Some internals where the "as if" illusion must be maintained:

  • String .length must count non-BMP codepoints as 2 codepoints to get the standard length.
  • String.charCodeAt() and all other String functions must use an index scheme that references the conceptual 16-bit codepoint sequence index (where each non-BMP counts as two indices), and allow reading, substringing, etc, both of the surrogate pairs individually.

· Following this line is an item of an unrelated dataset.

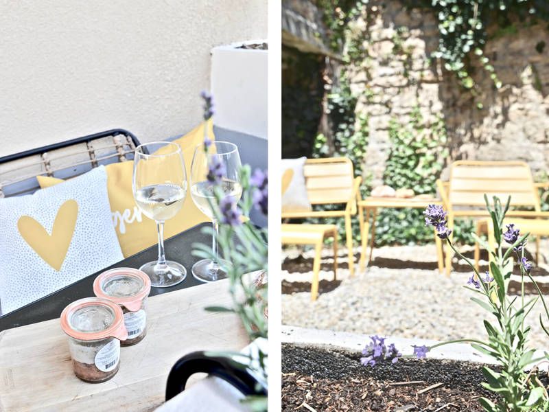 Über die kleine überdachte Veranda vor der Haustür gelangen Sie direkt in den Garten. Mehrere gemütliche Terrassen in der Sonne oder überdacht im Schatten. Können Sie sich vorstellen, am Ende des Tages mit einem guten Glas guten französischen Weins und einem Stück Käse unter der Veranda zu sitzen?
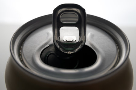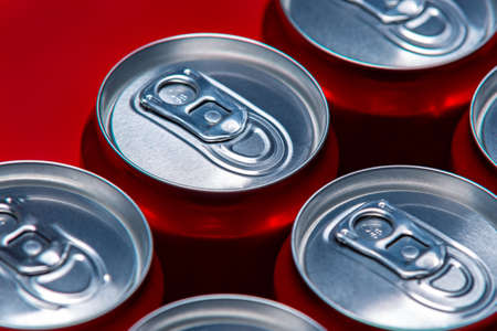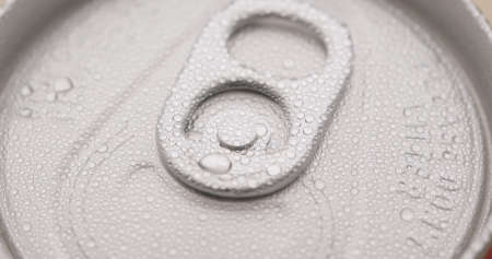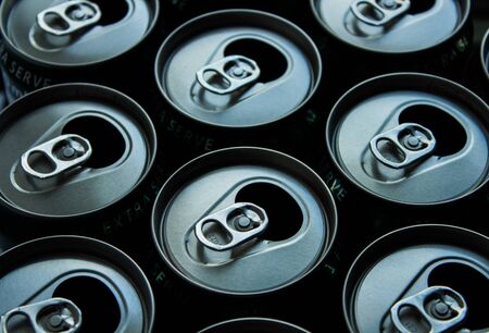 Closeup aluminium cans, focus on pull tab open of canned of soft drink. selective focus

  • There's no longer an easy "char offset to byte offset" internal primitive. Currently such a conversion maps an integer to an integer (or error). For non-BMP characters the result would now be a tuple: an integer pointing to the start of the codepoint, and a flag indicating whether we want the high or the low surrogate. All places maintaining "current offset" must track that additional flag somehow (it could maybe be encoded as the high bit of a 32-bit unsigned value?).
  • When doing string replacements, code must always check whether the replacements created valid surrogate pairs from previously unpaired surrogates. They must be merged, to maintain a unique strnig representation. Such surrogates may appear at the edges of replacement strings.
  • When combining strings, must check for previously unpaired surrogates at string join point.
  • RegExp matching must match non-BMP codepoints as two surrogates individually as far as patterns are concerned. It must be possible to capture only one of the surrogates, backtrack each surrogate individually, match start offset must try both surrogates as starting points, etc.
  • RegExp /u mode would work trivially with this internal representation, as the codepoints are already combined.